HomeEconomyFIRS ALLAYS NORTHERN ELDERS’ SOVEREIGNTY FEAR OVER FRANCE MOU

FIRS ALLAYS NORTHERN ELDERS’ SOVEREIGNTY FEAR OVER FRANCE MOU

The Federal Inland Revenue Service (FIRS) on Sunday defended its recently signed Memorandum of Understanding (MoU) with France’s Direction Générale des Finances Publiques, amid concerns raised by the Northern Elders Forum (NEF) over potential threats to Nigeria’s tax data sovereignty.

In a statement, FIRS emphasised that the agreement is a globally recognised technical cooperation framework focused solely on capacity building and knowledge transfer. The agency dismissed claims suggesting that Nigerian taxpayer data or digital tax systems would be handed over to France.
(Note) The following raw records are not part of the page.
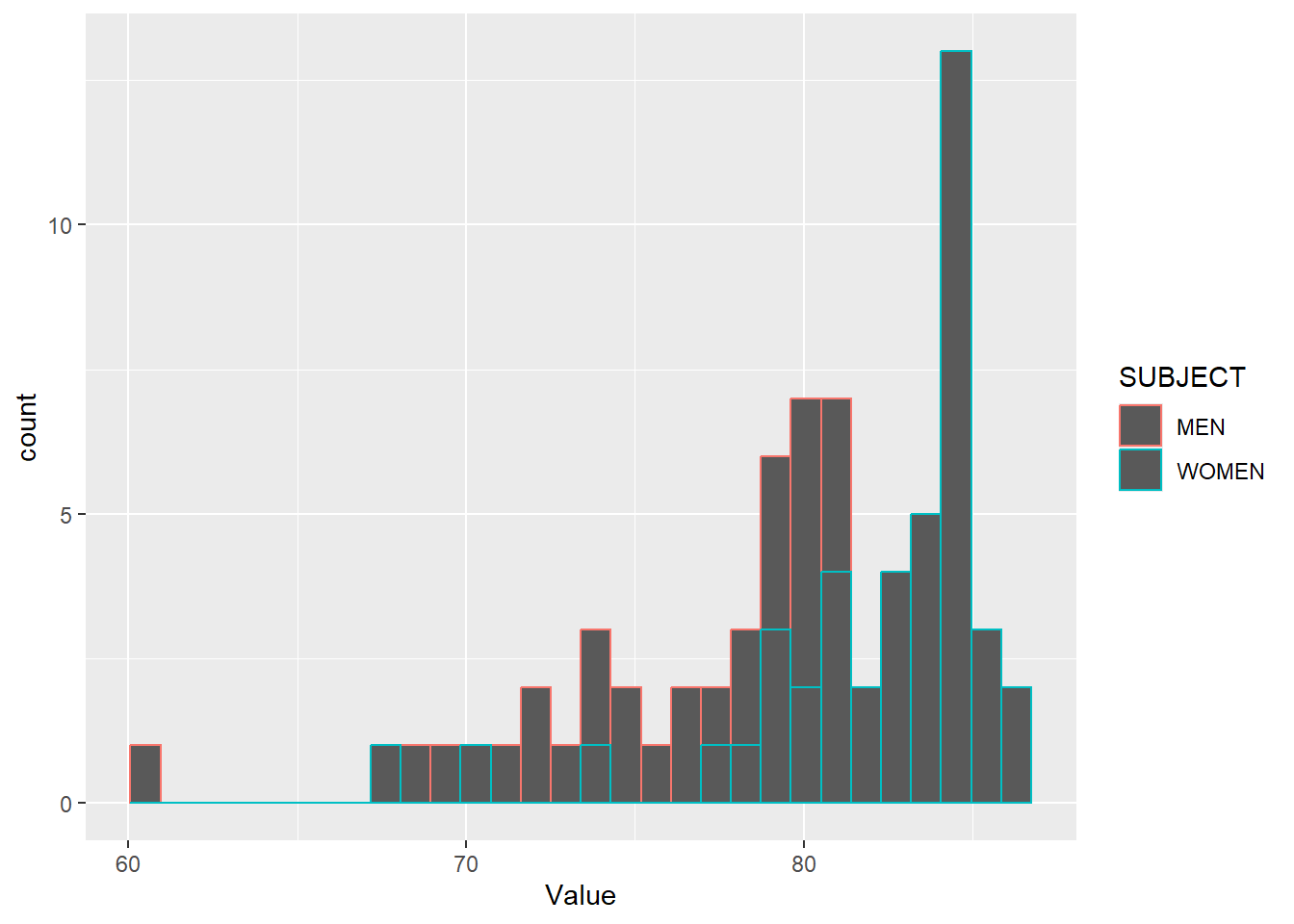 Στην περίπτωση που επιδιώκουμε ένα ιστόγραμμα ξεχωριστό για τους άνδρες κι ένα ξεχωριστό για τις γυναίκες, τα οποία όμως να συνυπάρχουν γράφουμε: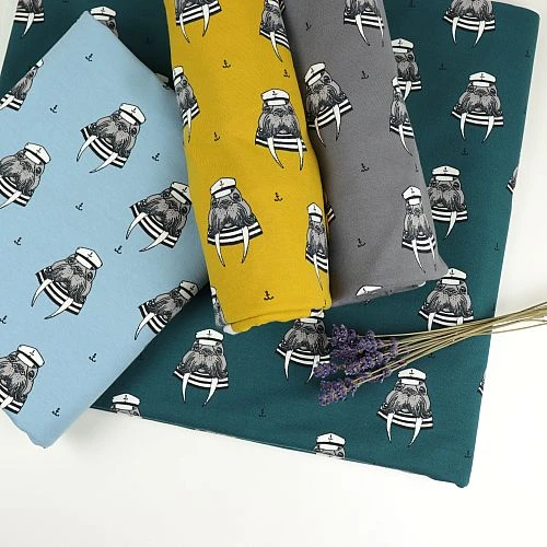 Unser Bio Jersey mit dem Motiv „Captain Walrus“ in ocker aus der Kollektion Sea & Air von Bloome Copenhagen, ist der perfekte Stoff für Kinder und Junggebliebene. Wie süß ist dieses maritim gekleidete Walross mit kleinen Ankern denn bitte? Da wächst doch die Vorfreude auf die Strandzeit. Wir sind verliebt. Er schmiegt sich fabelhaft weich an. Auf Grund der Bi-Elastizität knittert er kaum. Der Stoff lässt sich wunderbar verarbeiten und ist vernäht ein komfortabler Begleiter für die Kleinsten in allen Lebenslagen. Dieser Bio Jersey eignet sich wunderbar für Baby- und Kinderbekleidung wie Kinder Shirts, Kinder Hoodies, Schlafanzüge usw. Selbstverständlich können daraus ebenfalls wundeschöne Baby- und Kinderaccessoires gezaubert werden. Außerdem sind der Kreativität zur Verarbeitung im Wohnbereich keine Grenzen gesetzt.
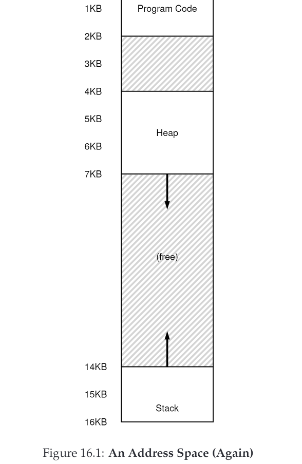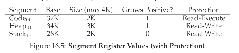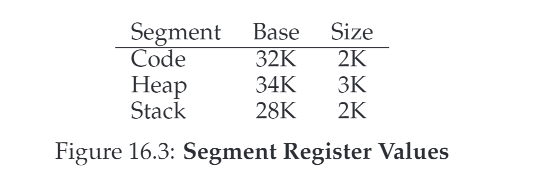 如图文中16.1中表示的这样,实际也就是可以认为这三段在虚拟内存的逻辑上也完全可以是不连续的,这样可以提高虚拟内存地址空间的使用效率。结合一个base+bound表16.3以及16.1,我们来看下这种方式如何运作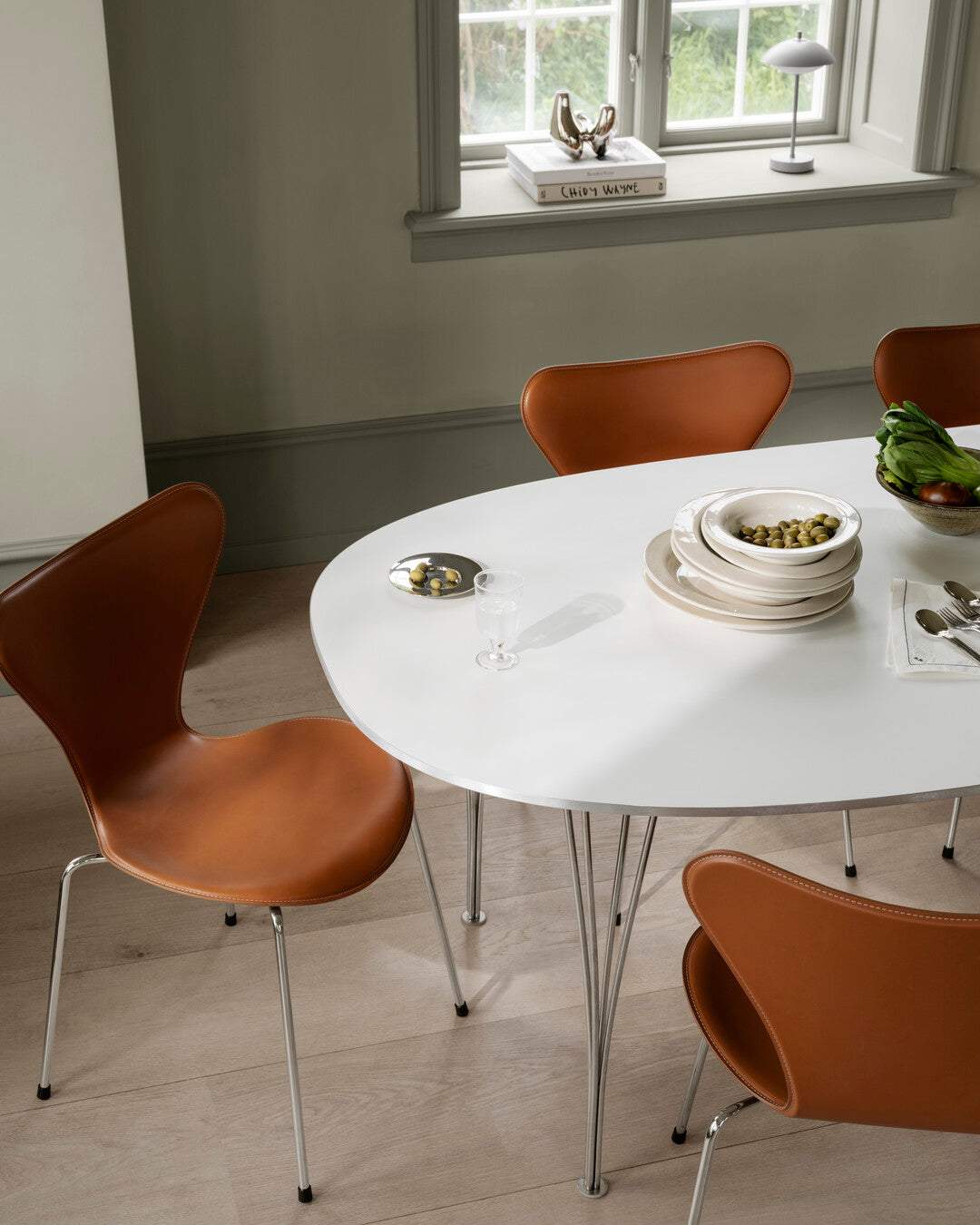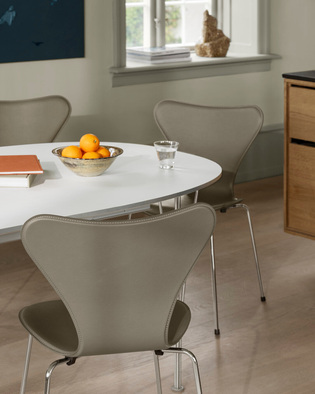 Discover the Series 7™ chair by Fritz Hansen, a true icon of modern furniture design. Designed by Arne Jacobsen in 1955, the Series 7™ chair by Fritz Hansen combines timeless style, versatility, and comfort. Crafted from nine layers of pressure-moulded veneer, the Series 7™ chair is strong, flexible, and durable while maintaining a sleek, elegant profile. Slim steel-tubed legs enhance its minimalist design, making the Series 7™ chair by Fritz Hansen easy to stack and perfect for any space. As the most popular design in Fritz Hansen’s chair collection, the Series 7™ chair embodies Jacobsen’s visionary approach to modern design. Explore the full Series 7™ collection by Fritz Hansen, available at Nørdikka Collective.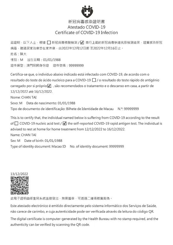 为免新冠病毒感染者仅因需要取得医生证明而就诊,造成医疗服务挤兑,影响真正有就诊需要人士的医疗服务,澳门卫生局向感染者以自动化及电子化方式发出“新冠病毒感染证明书”。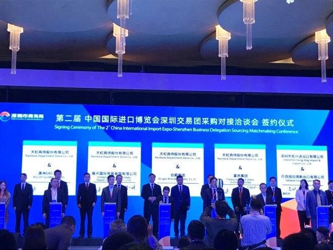 博覽會開幕當日,作為廣東省深圳市采購團一員,天虹與KILCOY GLOBAL FOODS(澳洲640工廠)、ZHANHUI INTERNATIONAL TRADE THAILAND CO.,LTD(展卉國際貿易泰國有限公司)、Borges Branded Foods S.L.U. (伯爵食品有限公司)、Treasury Wine Estates Vintners Limited (富邑葡萄酒集團)等四家企業(yè)達成戰(zhàn)略合作并簽訂超億元采購協(xié)議。

“The MoU does not provide France with access to Nigerian taxpayer records, operational systems, or any part of our infrastructure,” FIRS stated. “All existing Nigerian laws on data protection, cybersecurity, and sovereignty remain fully in force. Like its predecessor, the Nigeria Revenue Service prioritises national security and maintains strict protocols for safeguarding taxpayer information.”

The agency also reassured that local technology providers remain central to Nigeria’s tax operations. “FIRS and the emerging Nigeria Revenue Service continue to collaborate with Nigerian innovators such as NIBSS, Interswitch, PayStack, and Flutterwave,” the statement added.

The Northern Elders Forum, however, had called for the MoU’s immediate termination, describing it as a “dangerous tax data agreement” that could jeopardise Nigeria’s economic and national security. In an open letter to the Federal Government, Senate, and House of Representatives, NEF spokesperson Prof. Abubakar Jiddere warned that the MoU could give foreign actors undue access to Nigeria’s critical tax infrastructure.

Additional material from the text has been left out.